SUPPLIED RECORDS >>
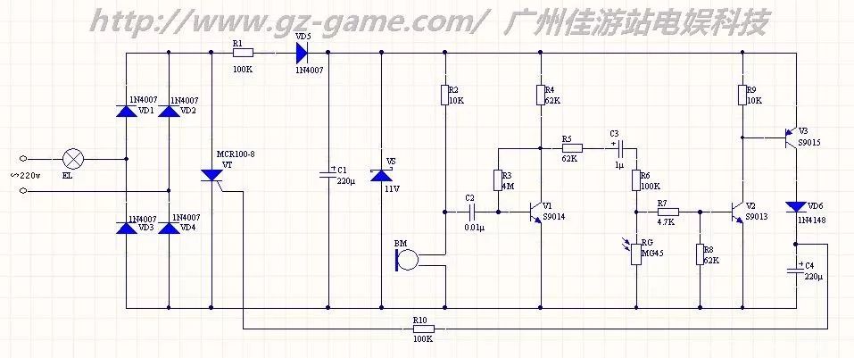 當(dāng)外界光照強(qiáng)度較弱且有聲音信號時:RG呈現(xiàn)高阻抗?fàn)顟B(tài),與R7,R8的阻值相比可視作RG為開路狀態(tài)。BM輸出的音頻信號經(jīng)過V1放大在其集電極產(chǎn)生了幅度極高的音頻信號,通過C3耦合,這個放大后的音頻信號正極性部分經(jīng)過R5,R6,R7,R8分壓后為V2提供了足夠強(qiáng)的基極偏置,V2進(jìn)入導(dǎo)通狀態(tài)致使V3進(jìn)入飽和導(dǎo)通狀態(tài),電源通過V3,VD6向C4充電,由于音頻信號的頻率不會很高而且聲音信號有一定的持續(xù)時間,C4在這段時間內(nèi)可以被充滿電至10V左右,此時C4通過R10為可控硅VT提供了足夠的導(dǎo)通電壓,EL獲得足夠的電流,處于發(fā)光狀態(tài)。
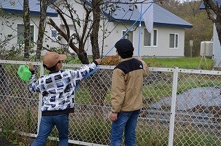 アウトドアクラブでは、虫採りを行いました。幾分寒くなり虫の姿もまばらでしたが、バッタを捕まえたり、姫リンゴを見つけたりと、秋の景色を楽しんでいました。
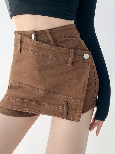 Shorts Women Summer Skinny Solid Denim Irregular Fashionable Holiday Korean Version Ladies Trousers Leisure Stylish High Waist
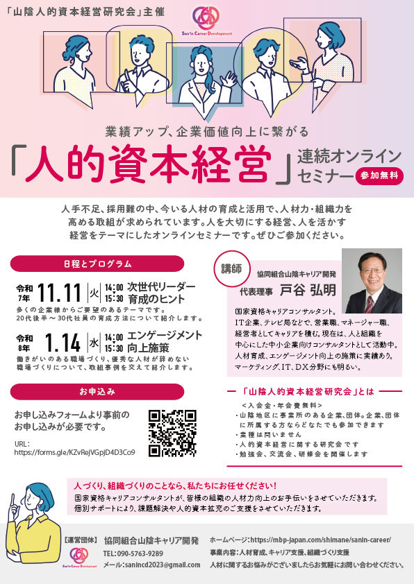 当組合では、定期的に「人的資本経営セミナー」を開催しています。
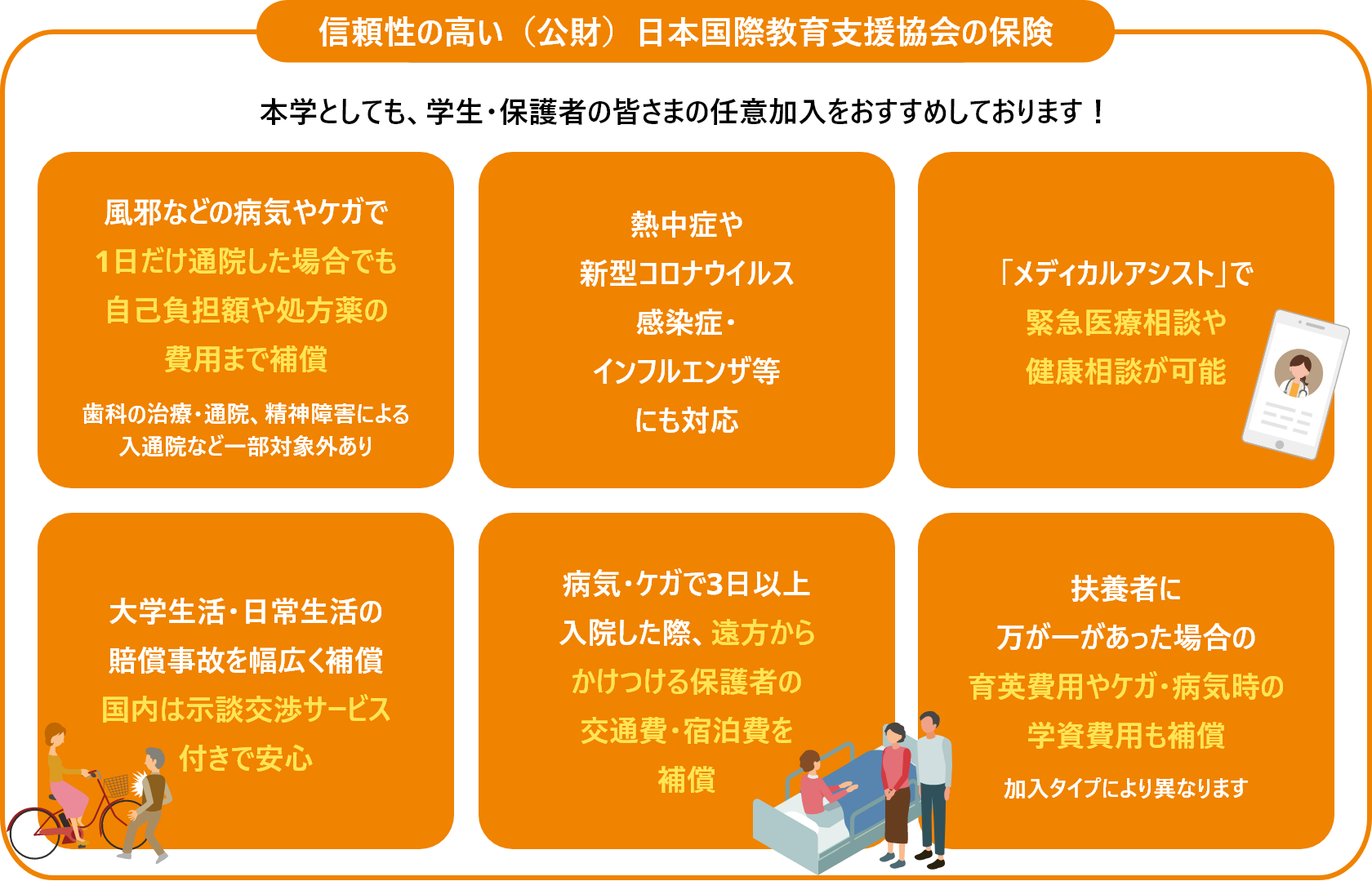 大学加入保険ではカバーしきれない「日常生活全般の病気やケガ、賠償」をサポートします。
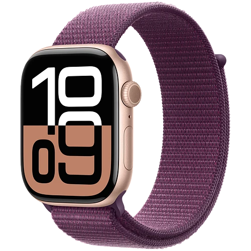 Apple Watch Series 10 GPS 46mm Rose Gold Aluminum Case with Plum Sport Loop
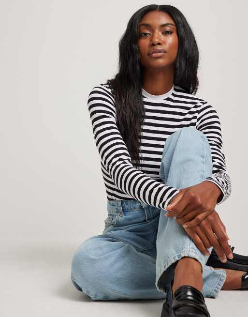 NA-KD long sleeve fitted t-shirt in black white stripe
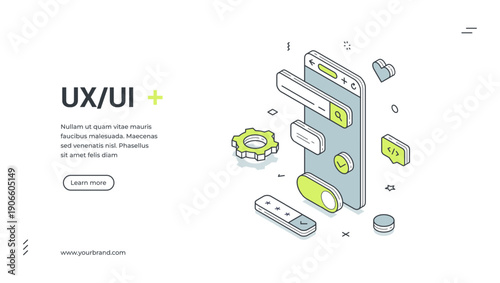 UX UI design web banner. Isometric template for a landing page on user experience. Vector illustration with a smartphone and interface elements for app development and prototyping
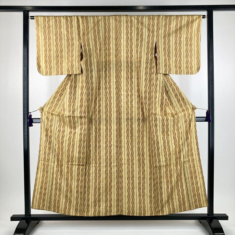 (中古) 単衣紬 薄黄色 カジュアル 織り 縞 絣柄 ひとえ SS【身丈】150.5cm【裄丈】64.5cm

WHAT IS NEEDED >> Although the records above contain pictures, your copy should give only their text, exactly as written.

EXERCISE RESPONSE >>
 當(dāng)外界光照強(qiáng)度較弱且有聲音信號時:RG呈現(xiàn)高阻抗?fàn)顟B(tài),與R7,R8的阻值相比可視作RG為開路狀態(tài)。BM輸出的音頻信號經(jīng)過V1放大在其集電極產(chǎn)生了幅度極高的音頻信號,通過C3耦合,這個放大后的音頻信號正極性部分經(jīng)過R5,R6,R7,R8分壓后為V2提供了足夠強(qiáng)的基極偏置,V2進(jìn)入導(dǎo)通狀態(tài)致使V3進(jìn)入飽和導(dǎo)通狀態(tài),電源通過V3,VD6向C4充電,由于音頻信號的頻率不會很高而且聲音信號有一定的持續(xù)時間,C4在這段時間內(nèi)可以被充滿電至10V左右,此時C4通過R10為可控硅VT提供了足夠的導(dǎo)通電壓,EL獲得足夠的電流,處于發(fā)光狀態(tài)。
 アウトドアクラブでは、虫採りを行いました。幾分寒くなり虫の姿もまばらでしたが、バッタを捕まえたり、姫リンゴを見つけたりと、秋の景色を楽しんでいました。
 Shorts Women Summer Skinny Solid Denim Irregular Fashionable Holiday Korean Version Ladies Trousers Leisure Stylish High Waist
 当組合では、定期的に「人的資本経営セミナー」を開催しています。
 大学加入保険ではカバーしきれない「日常生活全般の病気やケガ、賠償」をサポートします。
 Apple Watch Series 10 GPS 46mm Rose Gold Aluminum Case with Plum Sport Loop
 NA-KD long sleeve fitted t-shirt in black white stripe
 UX UI design web banner. Isometric template for a landing page on user experience. Vector illustration with a smartphone and interface elements for app development and prototyping
 (中古) 単衣紬 薄黄色 カジュアル 織り 縞 絣柄 ひとえ SS【身丈】150.5cm【裄丈】64.5cm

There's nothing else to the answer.